La sobriété énergétique passe par l’efficacité énergétique. Cela apparaît évident. Le progrès technologique permet précisément d’abaisser le coût énergétique des objets qui nous entourent, à les rendre toujours plus « performants ». Mais quel est le sens de cet effort quand, par effet rebond, celui-ci provoque, par un curieux mécanisme, une hausse de notre consommation d’énergie ?
Le mot « sobriété », depuis un an, est dans toutes les bouches, y compris celles dans lesquelles on ne l’attendait pas. Avec sa politique du col roulé, le gouvernement incite (à raison) l » les Français à réduire leur consommation énergétique, mais plus en réaction à la hausse spectaculaire des prix de l’énergie provoquée par la guerre en Ukraine que par réel souci de combattre le dérèglement climatique.
Il s’agit donc de se montrer « efficace ». L’une des solutions communément acceptées pour y parvenir (du moins en partie) est précisément d’accroître « l’efficacité énergétique » dans l’emploi d’une ressource grâce au perfectionnement des technologies. Cela semble logique : quand une innovation permet de faire autant avec moins, on fait des économies.
Faire autant avec moins incite à faire toujours plus
Or ce n’est pas toujours le cas. Cette logique peut même provoquer l’effet inverse. Cette découverte n’est pas récente puisqu’elle a été réalisée dès 1865 par l’économiste anglais William Stanley Jevons. Dans son ouvrage intitulé The Coal Question (La question charbonnière), il développe son argumentation :
« Si la quantité de charbon employée dans un haut fourneau diminue par rapport au produit, les profits de la branche augmenteront. Du capital nouveau sera attiré, le prix de la fonte baissera, mais sa demande augmentera. Le nombre accru de hauts fourneaux fera éventuellement plus que compenser la consommation réduite de chacun. Et si ce n’est pas toujours le résultat dans une seule branche, il faut se rappeler que le progrès de n’importe quelle branche de l’industrie excite une activité nouvelle dans la plupart des autres branches, et mène indirectement, sinon directement, à entamer nos gisements houillers. »
Ce que veut nous faire comprendre Jevons, c’est qu’augmenter l’efficacité d’une ressource, c’est augmenter sa productivité et donc baisser son coût de production. Et que ce processus économique peut parfois créer une hausse de la demande. Faire autant avec moins incite à faire toujours plus.

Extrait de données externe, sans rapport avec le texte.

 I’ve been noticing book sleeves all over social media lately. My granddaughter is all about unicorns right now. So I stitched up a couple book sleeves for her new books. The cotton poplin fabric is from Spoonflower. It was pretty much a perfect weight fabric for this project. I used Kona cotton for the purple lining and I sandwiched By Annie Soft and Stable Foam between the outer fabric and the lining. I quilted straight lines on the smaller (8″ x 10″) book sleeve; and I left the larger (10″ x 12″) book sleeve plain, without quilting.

La baisse de la consommation de kérosène dans l’aviation commerciale a permis de réduire fortement les émissions de CO2 à la fin du siècle dernier. Mais cette baisse des coûts a encouragé l’apparition de compagnies low cost et, conséquemment, le développement du trafic aérien, contribuant depuis à la hausse des émissions de CO2. Même engrenage avec l’apparition de la technologie LED : les écrans (notamment publicitaires) sont aujourd’hui partout. Peut-on encore sérieusement parler d’« efficacité » ?
Le mythe d’un découplage
Comment gagner des points de croissance tout en réduisant la voilure de notre consommation énergétique ? Le propre d’un paradoxe, c’est qu’il est insoluble. Continuer pourtant à s’employer à lui trouver une solution suppose la croyance en l’idée d’un découplage entre croissance et énergie, c’est rester dans l’illusion qu’un « développement durable » — expression jadis florissante, mais passée de mode aujourd’hui — reste possible. Or cette idée, séduisante pour les adeptes du business as usual et lénifiante, voire anesthésiante, pour la plupart d’entre nous, a pris du plomb dans l’aile ces dernières années.
L’espoir de voir la technologie nous sauver miraculeusement du danger climatique a fait long feu. La sobriété et l’efficacité bien comprises reposent sur une tautologie d’une platitude confondante : la ressource que nous économisons est d’abord celle que nous ne consommons pas et pas forcément celle que nous cherchons à optimiser. Evidence qui, dans le système économique actuel, constitue une pure hérésie.